Ir al contenido principal

Introducción a la Biblia


Introducción a la Biblia

    Biblia es un libro singular. No apareció de la nada, ni ha sido preservada a través de los años por mera casualidad. Para comprender cómo llegó a nosotros, es necesario explorar su fascinante historia de formación y transmisión. Este estudio se propone ofrecer un relato honesto y basado en hechos reales sobre la manera en que la Biblia ha sido preservada y entregada a nuestra generación. Es una historia de aventura, dedicación, trabajo arduo y fe por parte de aquellos que, a menudo a gran costo, transmitieron el mensaje de salvación de generación en generación.

    El término "Biblia" proviene del griego "biblia", que significa "libros". La palabra singular es "biblion", que originalmente significaba un "rollo de papiro". "Biblos" era un término griego para papiro, una planta egipcia utilizada como material de escritura desde aproximadamente el año 3000 a.C. El antiguo puerto fenicio de Gebal fue renombrado por los griegos como Biblos porque era famoso por la fabricación de papiros. Así, la palabra misma "Biblia" se remonta a la planta de papiro. De referirse a "los rollos de papiro" como "los libros", se pasó a referirse a "los Libros" sagrados y luego al "Libro" de la Sagrada Escritura. Aunque vivimos en una época en la que los libros se imprimen a millares, es fácil pasar por alto el drama detrás de nuestra Biblia.
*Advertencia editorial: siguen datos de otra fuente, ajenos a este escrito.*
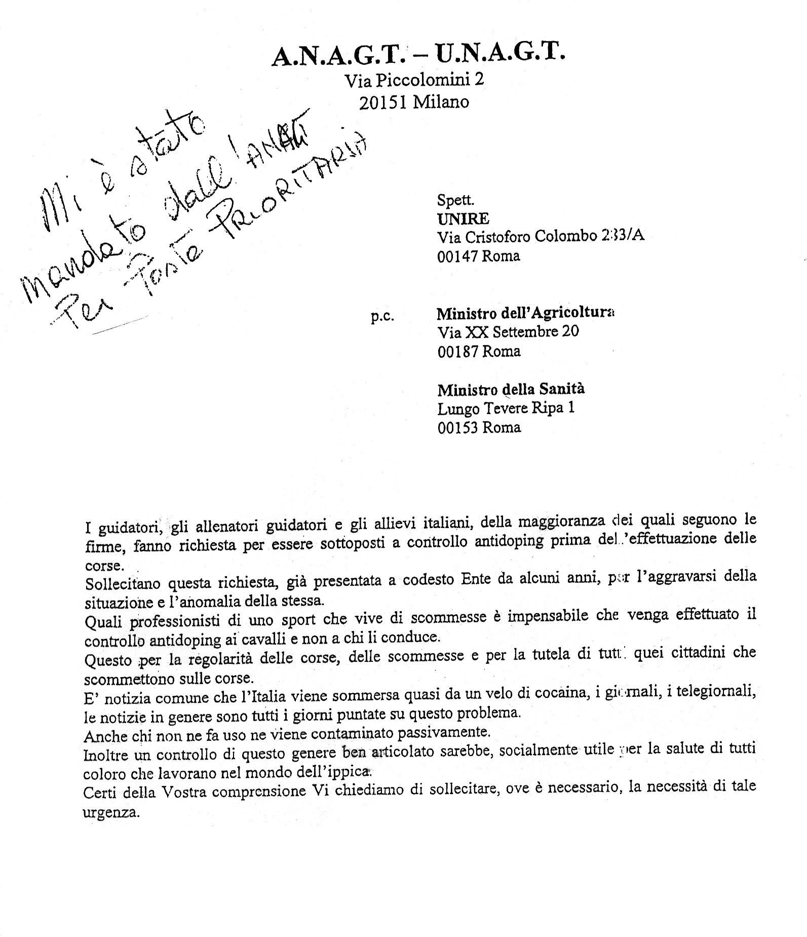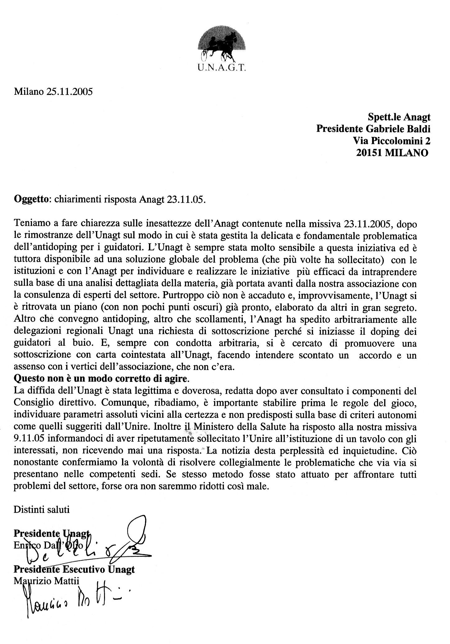 Pubblichiamo, nei file allegati, la cronistoria delle posizioni Anagt/Unagt in merito all'istituzione delcontrollo doping guidatori: 1) Richiesta di raccolta firme, trasmessa arbitrariamente dall'Anagt a tutte le delegazioni Unagt senza una preventiva concertazione con i vertici Unagt; 2) Missiva Unagt trasmessa all'Unire ed ai Ministeri competenti in merito ai prelievi doping allenatori, guidatori ed allievi trotto; 3) Lettera di chiarimento trasmessa al presidente Anagt - Gabriele Baldi in data 23.11.05. |
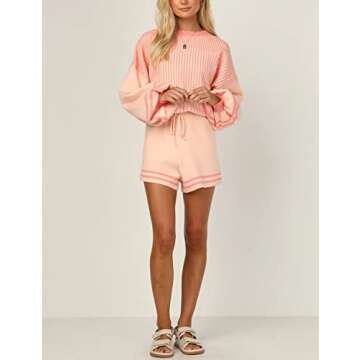 Show moreIntroducing the Faleave Women's 2 Piece Outfits Knitted Striped Sweater Crewneck Pullover Tops Shorts Set, your go-to ensemble for effortless chic this spring and summer! This stylish and cozy combination features a fashionable knitted top with a delightful vertical stripe pattern, designed to elevate your lounge-wear game. Featuring a ribbed crewneck and long lantern sleeves, this outfit merges comfort with sophistication, making it a must-have addition to your wardrobe.
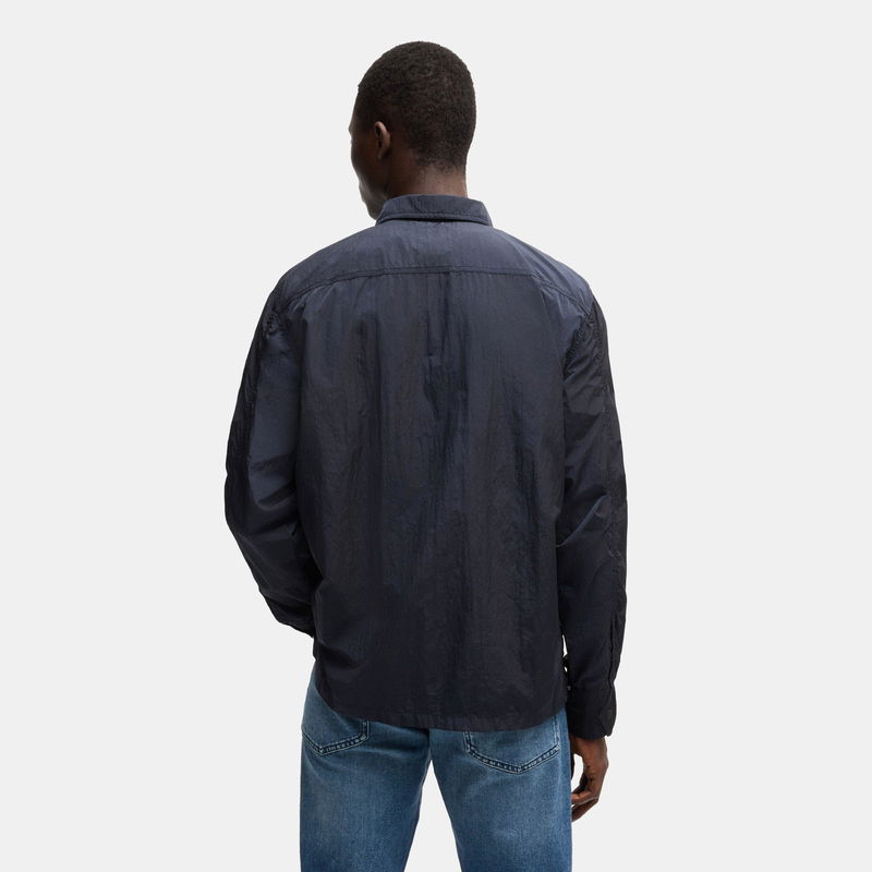 The BOSS Leejay1M Overshirt offers a smart solution for seasonal transitions. This adaptable piece functions as both a lightweight jacket and a smart top, featuring a sleek cut that bridges the gap between casual and dressier styling with BOSS detailing for contemporary fashion appeal.

La Formación y Transmisión del Texto Bíblico

    La creación de libros en la antigüedad involucraba el uso de diversos materiales. Además del papiro, se utilizaba el cuero y el pergamino. Las pieles de animales estuvieron en uso mucho antes del siglo II a.C.; por ejemplo, se mencionan documentos de cuero en Egipto desde el año 2500 a.C. Aunque a Eumenes II de Pérgamo (siglo II a.C.) se le atribuyó la invención del pergamino, puede que solo haya desarrollado un proceso mejor para tratar las pieles. Pérgamo y el pergamino están, sin disputa, conectados.
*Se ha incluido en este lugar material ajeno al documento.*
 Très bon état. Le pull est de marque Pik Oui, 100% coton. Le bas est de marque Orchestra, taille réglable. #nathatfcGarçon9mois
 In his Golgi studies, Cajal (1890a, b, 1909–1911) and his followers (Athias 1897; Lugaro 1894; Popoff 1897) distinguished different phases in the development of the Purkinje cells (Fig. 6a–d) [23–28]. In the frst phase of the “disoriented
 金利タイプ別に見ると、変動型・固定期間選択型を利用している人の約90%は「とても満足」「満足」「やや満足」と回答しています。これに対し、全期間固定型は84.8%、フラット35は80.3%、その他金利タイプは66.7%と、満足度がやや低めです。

    Los escritos se realizaban usualmente en un solo lado del rollo, aunque a veces se usaban ambos lados. La escritura se organizaba en columnas. Los rollos variaban en tamaño, generalmente no superando los diez metros de longitud. Esta limitación de longitud tenía importancia para el Nuevo Testamento, ya que libros más largos como Mateo, Lucas o Hechos requerirían rollos de nueve a diez metros, lo que explica por qué Lucas y Hechos fueron escritos como volúmenes separados y tendrían que circular individualmente mientras el rollo fuera el formato principal.
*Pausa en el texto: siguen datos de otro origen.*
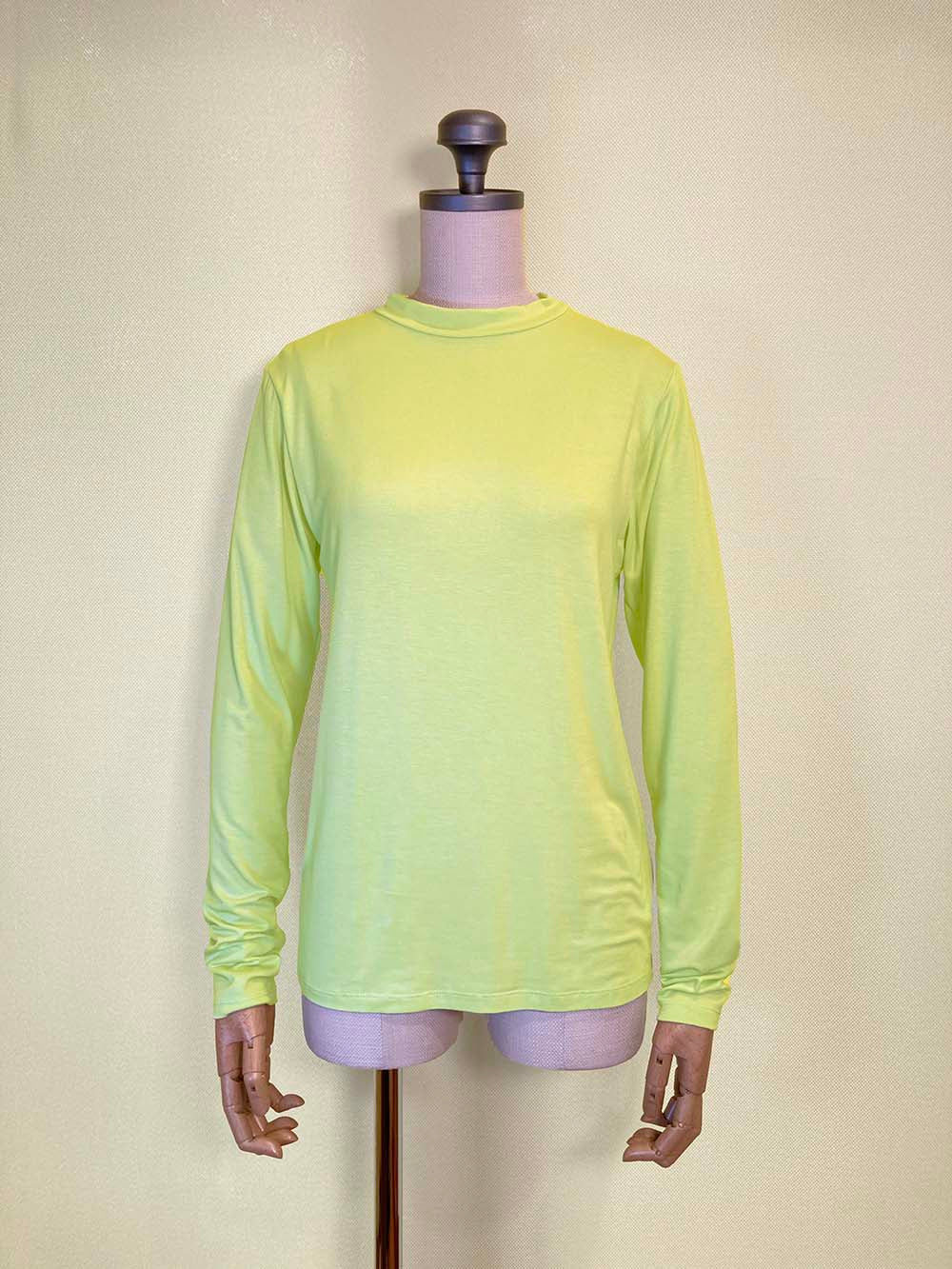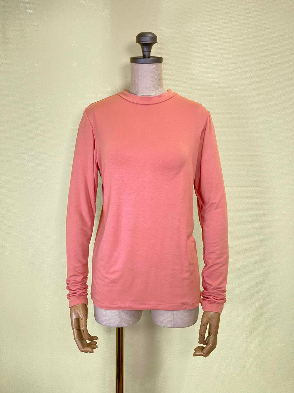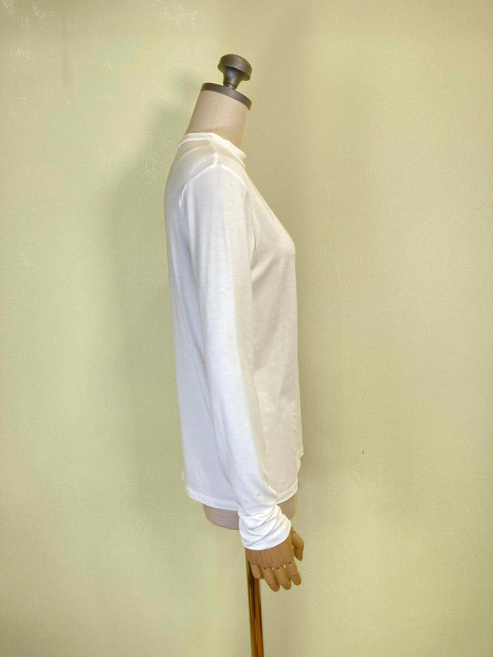 衿ぐりにやや高さのあるロングスリーブTシャツ。

    Detrás de la creación y preservación de estos escritos estaban los escribas. Su importancia es casi imposible de exagerar. En Mesopotamia y Egipto, el escriba capacitado era muy apreciado. En Palestina, los escribas profesionales eran responsables de escribir y copiar la mayoría de los documentos hebreos. Durante la Edad Media, los escribas en los scriptoria de los monasterios eran los productores de libros y contribuyeron especialmente a la preservación de los textos de la Escritura. Los escribas trabajaban sentados, probablemente en un banco o taburete, con el códice sobre sus rodillas. En ocasiones, dejaban notas en los márgenes o al final de sus manuscritos, a veces describiendo el gran esfuerzo involucrado ("con gran sudor y trabajo agotador") o expresando alivio ("El fin del libro, ¡gracias a Dios!"). Alan R. Millard ha elogiado a los antiguos escribas por el cuidado con el que realizaban su trabajo.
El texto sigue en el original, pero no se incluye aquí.